(Task item):
Within the material below, locate the line with "В воскресенье биткоин" and the line with "Variety of beauty", then return those two lines and all lines between them, exactly as written.

(Recorded data):
=== Section Start ===

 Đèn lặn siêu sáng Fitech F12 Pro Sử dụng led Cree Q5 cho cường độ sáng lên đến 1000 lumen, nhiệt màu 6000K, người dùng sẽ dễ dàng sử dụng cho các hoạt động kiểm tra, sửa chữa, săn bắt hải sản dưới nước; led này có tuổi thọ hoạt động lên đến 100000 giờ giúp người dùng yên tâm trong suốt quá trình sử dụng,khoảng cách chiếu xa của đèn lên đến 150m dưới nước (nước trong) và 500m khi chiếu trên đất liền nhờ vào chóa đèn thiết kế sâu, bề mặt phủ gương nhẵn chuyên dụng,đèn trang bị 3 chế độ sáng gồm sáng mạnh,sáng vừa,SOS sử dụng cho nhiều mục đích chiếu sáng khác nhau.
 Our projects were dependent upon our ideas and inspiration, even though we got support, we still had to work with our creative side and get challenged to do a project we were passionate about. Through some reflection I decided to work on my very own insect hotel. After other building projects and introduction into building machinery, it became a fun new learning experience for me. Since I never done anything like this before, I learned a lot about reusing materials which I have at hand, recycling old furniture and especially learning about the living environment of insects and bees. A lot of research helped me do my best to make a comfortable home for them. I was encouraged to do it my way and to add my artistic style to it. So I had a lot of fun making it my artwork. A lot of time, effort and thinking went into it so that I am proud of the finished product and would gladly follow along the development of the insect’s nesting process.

=== Section End ===
=== Section Start ===

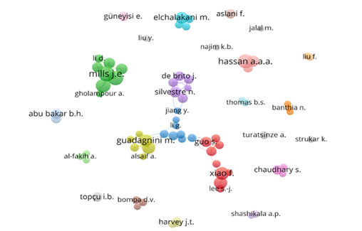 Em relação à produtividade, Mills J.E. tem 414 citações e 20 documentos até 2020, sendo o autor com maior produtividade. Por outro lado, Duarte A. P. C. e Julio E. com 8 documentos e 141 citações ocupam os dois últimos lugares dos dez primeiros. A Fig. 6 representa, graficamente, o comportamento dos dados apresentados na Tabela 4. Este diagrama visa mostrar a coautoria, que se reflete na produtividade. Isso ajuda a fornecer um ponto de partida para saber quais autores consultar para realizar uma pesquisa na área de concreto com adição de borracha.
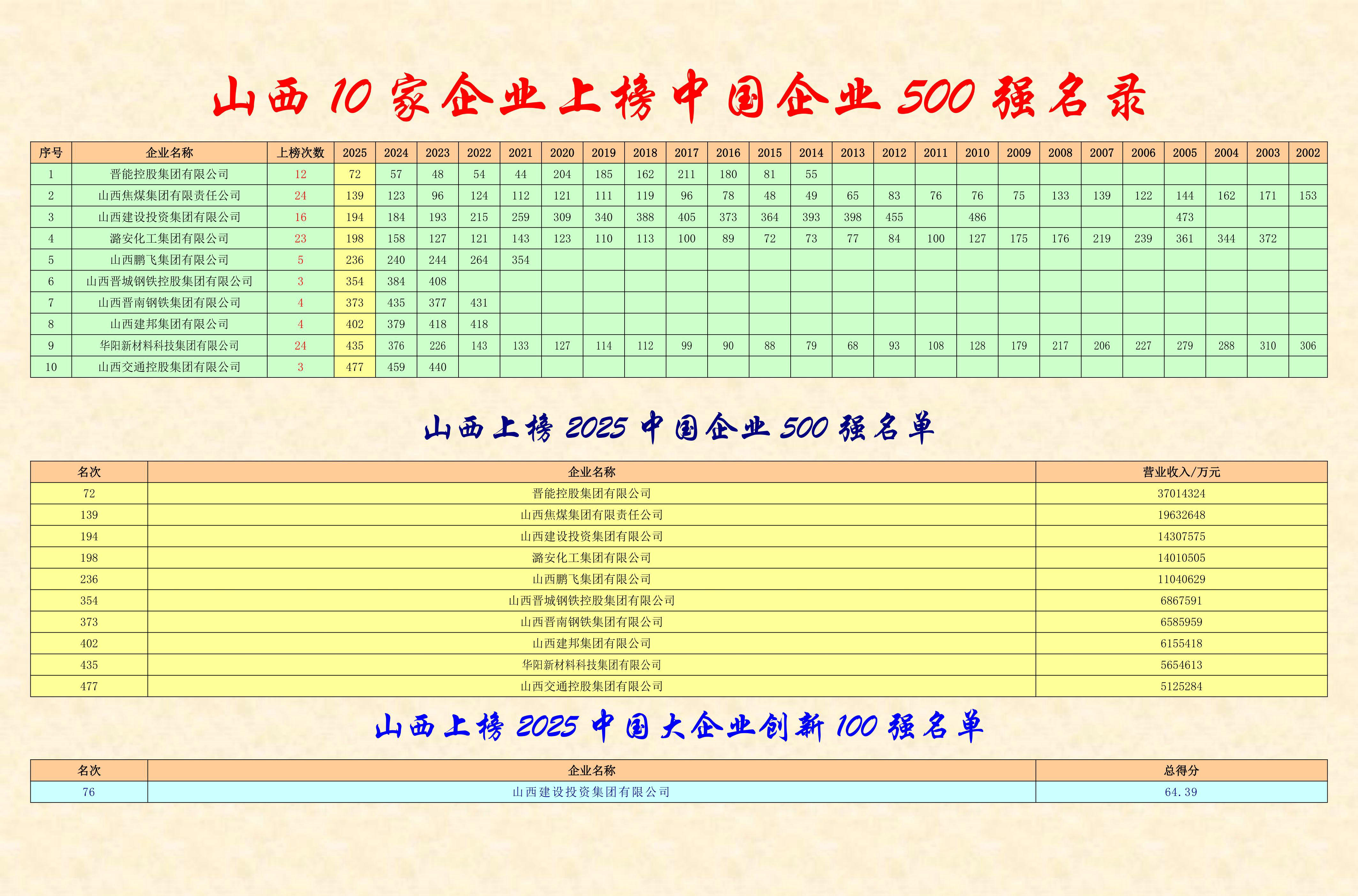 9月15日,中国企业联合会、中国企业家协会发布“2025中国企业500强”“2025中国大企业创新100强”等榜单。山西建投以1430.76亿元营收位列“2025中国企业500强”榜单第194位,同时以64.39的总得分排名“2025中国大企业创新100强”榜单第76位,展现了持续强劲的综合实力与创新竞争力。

=== Section End ===
=== Section Start ===

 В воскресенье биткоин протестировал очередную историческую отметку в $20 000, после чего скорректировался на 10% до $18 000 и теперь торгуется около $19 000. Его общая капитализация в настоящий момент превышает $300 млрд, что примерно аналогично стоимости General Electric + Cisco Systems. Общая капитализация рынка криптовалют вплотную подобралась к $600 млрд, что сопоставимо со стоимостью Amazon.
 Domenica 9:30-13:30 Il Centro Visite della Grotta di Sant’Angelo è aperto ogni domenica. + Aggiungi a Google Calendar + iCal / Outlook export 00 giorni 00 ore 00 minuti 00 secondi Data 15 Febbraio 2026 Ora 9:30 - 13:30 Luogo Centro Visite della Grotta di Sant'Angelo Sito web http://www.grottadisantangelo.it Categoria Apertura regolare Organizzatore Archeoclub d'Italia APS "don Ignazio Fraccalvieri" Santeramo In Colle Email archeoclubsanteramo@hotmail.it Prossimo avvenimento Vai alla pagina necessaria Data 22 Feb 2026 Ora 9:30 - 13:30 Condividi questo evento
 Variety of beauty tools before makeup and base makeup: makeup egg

=== Section End ===

(Result):
 В воскресенье биткоин протестировал очередную историческую отметку в $20 000, после чего скорректировался на 10% до $18 000 и теперь торгуется около $19 000. Его общая капитализация в настоящий момент превышает $300 млрд, что примерно аналогично стоимости General Electric + Cisco Systems. Общая капитализация рынка криптовалют вплотную подобралась к $600 млрд, что сопоставимо со стоимостью Amazon.
 Domenica 9:30-13:30 Il Centro Visite della Grotta di Sant’Angelo è aperto ogni domenica. + Aggiungi a Google Calendar + iCal / Outlook export 00 giorni 00 ore 00 minuti 00 secondi Data 15 Febbraio 2026 Ora 9:30 - 13:30 Luogo Centro Visite della Grotta di Sant'Angelo Sito web http://www.grottadisantangelo.it Categoria Apertura regolare Organizzatore Archeoclub d'Italia APS "don Ignazio Fraccalvieri" Santeramo In Colle Email archeoclubsanteramo@hotmail.it Prossimo avvenimento Vai alla pagina necessaria Data 22 Feb 2026 Ora 9:30 - 13:30 Condividi questo evento
 Variety of beauty tools before makeup and base makeup: makeup egg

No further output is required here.